According to Solving Non Negative Constrained Least Squares by Analogy with Least Squares (MATLAB) and all resources I have looked up regarding this topic, the non-negative least squares problem

$$\min \frac 1 2 || \Phi w - y ||^2, \\ \text{s.t} \, w_i \ge 0$$ has no closed form solution. But what if we naively do Lagrangian constraint optimization? The Lagrangian is given by $$L(w, \lambda) = \frac 1 2 (\Phi w - y)^T(\Phi w - y) - \lambda^T w$$ Taking the derivative w.r.t $$w$$ and setting it to $$0$$, we get the optimal primal solution $$w^* = (\Phi^T \Phi)^{-1} (\Phi^T y + \lambda).$$ Looking at the dual function $$g(\lambda) = L(w^*, \lambda)$$, its derivative is given by $$\frac {\text{d}g} {\text d \lambda} = - (\Phi^T \Phi)^{-1} (\Phi^T y + \lambda).$$ Setting it to zero yields $$\lambda = - \Phi^T y.$$ However, we have the constraint that all multipliers need to be non-negative. This results in the dual solution $$\lambda^* = \max(- \Phi^T y, 0),$$ where the $$\max$$ operator is defined per dimension. This results in the closed form solution

$$w^* = (\Phi^T \Phi)^{-1} (\Phi^T y + \max(- \Phi^T y, 0)).$$

Am I going wrong somewhere? If so, where?

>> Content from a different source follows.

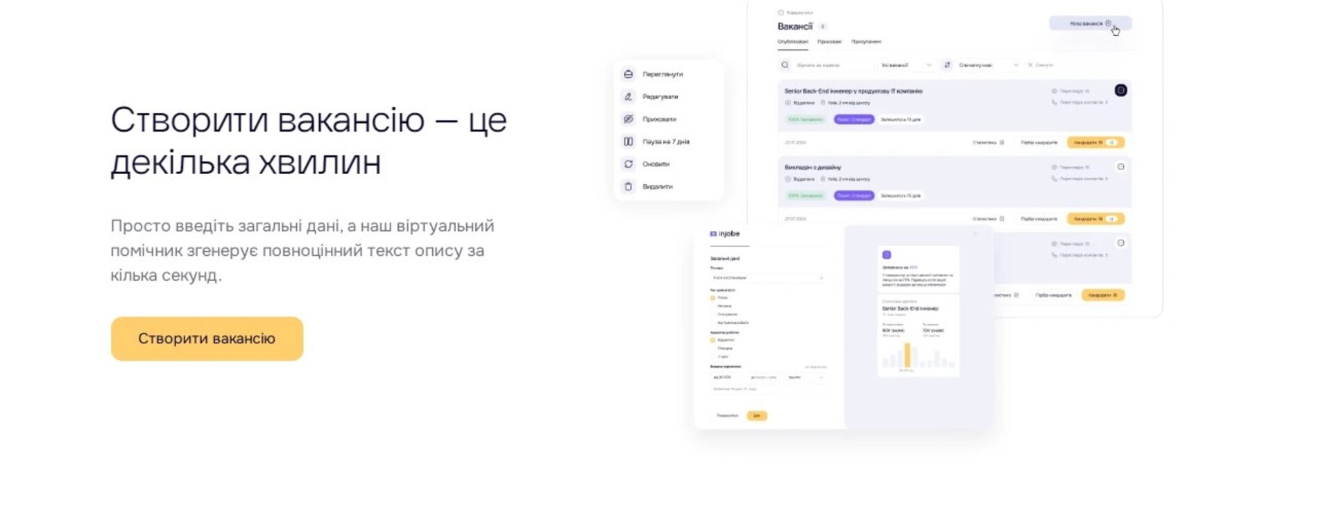 Одразу при реєстрації на сайті ви зможете потрапити в один з кабінетів - або роботодавця, або роботовзявця. Вони доступні на одному обліковому записі, тож декілька акаунтів створювати не потрібно. До того ж роботодавець може надати певні права і доступ своїм співробітникам-рекрутерам або ейчару, і вони всі можуть користуватись одним обліковим записом компанії та виконувати кожен свої функції, працюючи з певними напрямками рекрутингу або з окремими кандидатами.

• Do you have a justification for the step "This results in the dual solution" ? Nov 17, 2021 at 13:18
• Ah I see the problem, I generalized from the one-dimensional convex problem that if the optimum is at a negative point, you can simply clamp it to zero. However, in multidimensional problems this might not be the correct solution. Nov 17, 2021 at 13:25
• Happy to help :-) Nov 17, 2021 at 13:39
• @G.Fougeron. Just out of curiosity : may I ask where you are located ? I am in Pau. Cheers :-) Nov 17, 2021 at 13:45
• I'm in the Paris area Nov 17, 2021 at 13:46

Ok thanks to G. Fougeron, I realized that the optimal lambda cannot be obtained by just taking a maximum per dimension with $$0$$. While this works for a one-dimensional objective, with a multi-dimensional objective this leads to a wrong solution.